◆ **WHAT IS EXPECTED**
From first line to last, transcribe the listing exactly and skip any image.

◆ **DATASET SECTION**
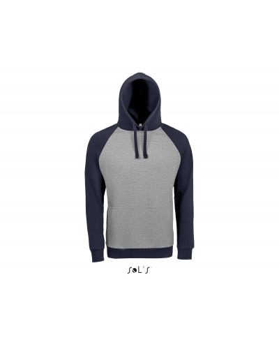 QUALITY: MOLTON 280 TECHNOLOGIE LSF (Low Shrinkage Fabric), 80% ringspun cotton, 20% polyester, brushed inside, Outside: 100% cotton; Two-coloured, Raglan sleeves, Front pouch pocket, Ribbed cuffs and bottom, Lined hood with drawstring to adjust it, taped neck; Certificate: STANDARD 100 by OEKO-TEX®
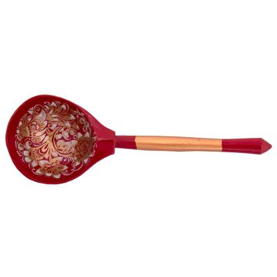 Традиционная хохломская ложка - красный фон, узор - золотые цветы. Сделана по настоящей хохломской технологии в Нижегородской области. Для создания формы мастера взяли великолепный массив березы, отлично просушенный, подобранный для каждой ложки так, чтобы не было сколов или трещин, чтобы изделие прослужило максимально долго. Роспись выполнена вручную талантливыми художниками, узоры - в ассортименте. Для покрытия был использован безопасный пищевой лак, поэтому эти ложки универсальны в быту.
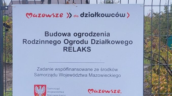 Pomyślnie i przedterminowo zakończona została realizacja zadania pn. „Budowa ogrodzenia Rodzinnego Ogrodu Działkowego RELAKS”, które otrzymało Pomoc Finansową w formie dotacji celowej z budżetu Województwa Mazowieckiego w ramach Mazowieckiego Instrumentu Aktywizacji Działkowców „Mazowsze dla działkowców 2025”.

◆ **REPLY**
 QUALITY: MOLTON 280 TECHNOLOGIE LSF (Low Shrinkage Fabric), 80% ringspun cotton, 20% polyester, brushed inside, Outside: 100% cotton; Two-coloured, Raglan sleeves, Front pouch pocket, Ribbed cuffs and bottom, Lined hood with drawstring to adjust it, taped neck; Certificate: STANDARD 100 by OEKO-TEX®
 Традиционная хохломская ложка - красный фон, узор - золотые цветы. Сделана по настоящей хохломской технологии в Нижегородской области. Для создания формы мастера взяли великолепный массив березы, отлично просушенный, подобранный для каждой ложки так, чтобы не было сколов или трещин, чтобы изделие прослужило максимально долго. Роспись выполнена вручную талантливыми художниками, узоры - в ассортименте. Для покрытия был использован безопасный пищевой лак, поэтому эти ложки универсальны в быту.
 Pomyślnie i przedterminowo zakończona została realizacja zadania pn. „Budowa ogrodzenia Rodzinnego Ogrodu Działkowego RELAKS”, które otrzymało Pomoc Finansową w formie dotacji celowej z budżetu Województwa Mazowieckiego w ramach Mazowieckiego Instrumentu Aktywizacji Działkowców „Mazowsze dla działkowców 2025”.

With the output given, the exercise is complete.